Could you copy exactly the lines below from the one with "Beautiful 2 bed, 2" to the one with "みたいでした。 ![]() ![]() |", inclusive, leaving out any pictures?

─── Input material

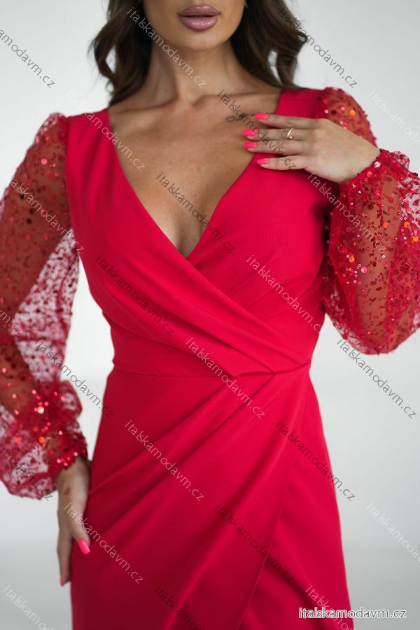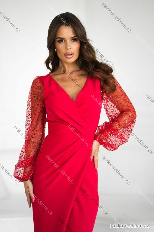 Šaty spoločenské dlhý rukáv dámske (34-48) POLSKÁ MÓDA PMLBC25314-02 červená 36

──────
─── Input material

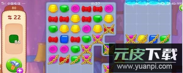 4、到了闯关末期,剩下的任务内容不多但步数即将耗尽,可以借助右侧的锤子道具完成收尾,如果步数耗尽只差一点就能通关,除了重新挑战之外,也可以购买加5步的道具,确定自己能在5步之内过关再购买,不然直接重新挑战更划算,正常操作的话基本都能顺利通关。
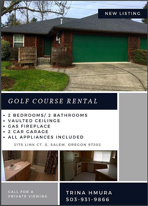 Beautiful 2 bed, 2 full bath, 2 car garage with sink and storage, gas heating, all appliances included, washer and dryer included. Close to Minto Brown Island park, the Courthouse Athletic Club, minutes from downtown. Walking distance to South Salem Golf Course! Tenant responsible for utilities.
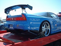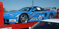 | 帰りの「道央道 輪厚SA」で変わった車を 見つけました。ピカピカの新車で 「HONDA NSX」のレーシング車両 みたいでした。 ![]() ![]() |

──────

Response »
 Beautiful 2 bed, 2 full bath, 2 car garage with sink and storage, gas heating, all appliances included, washer and dryer included. Close to Minto Brown Island park, the Courthouse Athletic Club, minutes from downtown. Walking distance to South Salem Golf Course! Tenant responsible for utilities.
 | 帰りの「道央道 輪厚SA」で変わった車を 見つけました。ピカピカの新車で 「HONDA NSX」のレーシング車両 みたいでした。 ![]() ![]() |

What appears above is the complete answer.